After lots of hint-dropping and flat-out bold requests, my four year-old daughter received an American Girl from Santa.   Before she met with the Man With the Bag, she scoured American Girl catalogs and even took a trip to our nearby store to chose the right doll for her.

She first gravitated towards the historical dolls.  Kaya, the brave and outgoing Native American girl who wants to lead her people one day.   Addy, the African American girl who endured the Civil War, and Josephina, the New Mexican girl who has just lost her mother; all of them captured my daughter’s heart.

But then she stumbled in to the My American Girl section and was mesmerized.  She could find a girl that looks JUST. LIKE. HER?  I can’t tell you how many Oh My Goshes I heard at this realization.

She perused the case of identically dressed dolls in a variety of skin tones, eye color, hair styles and shades and settled on one that she thought most resembled her.  And then, armed with her product code, she asked Santa for her first American Girl doll.

And boy did Santa deliver.

I wish I could bottle up my daughter’s delight and excitement when she unwrapped her American Girl doll and save it for a rainy day.  Watching her gaze sweetly at the face of her “girl” was priceless.  Totally worth it.

But about five minutes after my daughter opened up her doll on Christmas morning, she made a discovery.   Her doll, the one that was supposed to look as close to her own likeness as possible, was missing something.

There was no birthmark on her cheek.  Or, as we refer to it, a beauty mark.

Knowing beforehand that this might be an issue, I called our local American Girl store and asked them if they were able to give girls things like birthmarks, in addition to the countless other “personalizations” they provide like pierced ears, braces or glasses.  And I was told no.

So there I sat on Christmas morning with a brown Sharpie, carefully…oh so fucking carefully…putting a brown beauty mark on this tiny cheek of expensive porcelain-like skin.

American Girl

And when I told friends this story, they were dumbfounded. “Why can’t they put a birthmark on one of their dolls?”  I have no idea.  I contacted the American Girl website to inquire with the same question and received this in response:

Though we currently offer 40 different combinations of eye color, hair color, and skin tone in our My American Girl® line, we are unable to make any changes to the dolls or provide customization at this time.
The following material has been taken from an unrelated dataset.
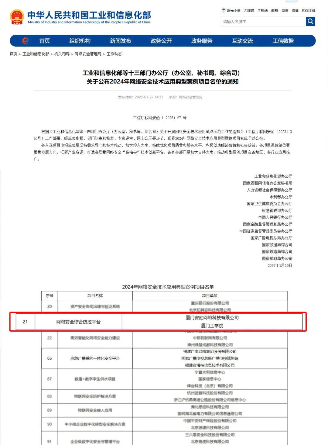 近日,工业和信息化部官网正式公布了《工业和信息化部等十三部门办公厅(办公室、秘书局、综合司)关于公布2024年网络安全技术应用典型案例项目名单的通知》。其中,安胜联合厦门工学院申报的“网络安全综合防控平台”项目,经市、省层层筛选推荐,从全国上千个重点项目中脱颖而出,入选2024年网络安全技术应用典型案例项目,是福建省入选的两个国家级试点示范项目之一。

We apologize for any  disappointment this may cause.

Although we are unable to create a doll with your daughter’s unique  birthmark, we hope you will be able to select a doll that will bring her many years of enjoyment.

And yes, I’m sure she will enjoy her adorable doll for years.

However, when news spread about an online petition to have American Girl release a Girl of the Year with a disability, I wasn’t surprised.

Because, yes, the opportunity is available to purchase external, and often temporary, items like crutches, wheelchairs and other options for dolls.  Cancer patients undergoing chemotherapy can buy dolls without hair or have their existing doll’s head replaced with a head that has no hair.  Dolls can even get hearing aid implants.

But the chance to make your doll look exactly like you when other issues are at stake just doesn’t exist yet.

For my daughter, that beauty mark is as every bit essential to why she thinks she’s unique as her eyes, hair and skin tone.  It won’t wash away with a facecloth.   She identifies herself with that beauty mark.

So why not be able to put one on?

As a matter of fact, why not produce girls that some of us in the non-perfect category of the population can relate to?  Like Excema Emily, whose skin isn’t as silky smooth all over like the rest of the girls.  Or Acne Alison, whose complexion doesn’t look airbrushed.  Or Chipped Tooth Cindy, who will be stuck with that crooked smile until she’s old enough for braces and veneers.

I say this somewhat jokingly, but all kidding aside, I would hope that a company that appears to be all-inclusive could step out of its rigid mold for a while, sit in someone else’s mangled shoes, and see what the rest of us see.

That our real life American Girls are gorgeous – disabilities, birthmarks and all.

Do you have a daughter that has an American Girl doll?  If so, did she chose one that resembled her or did she go a different route?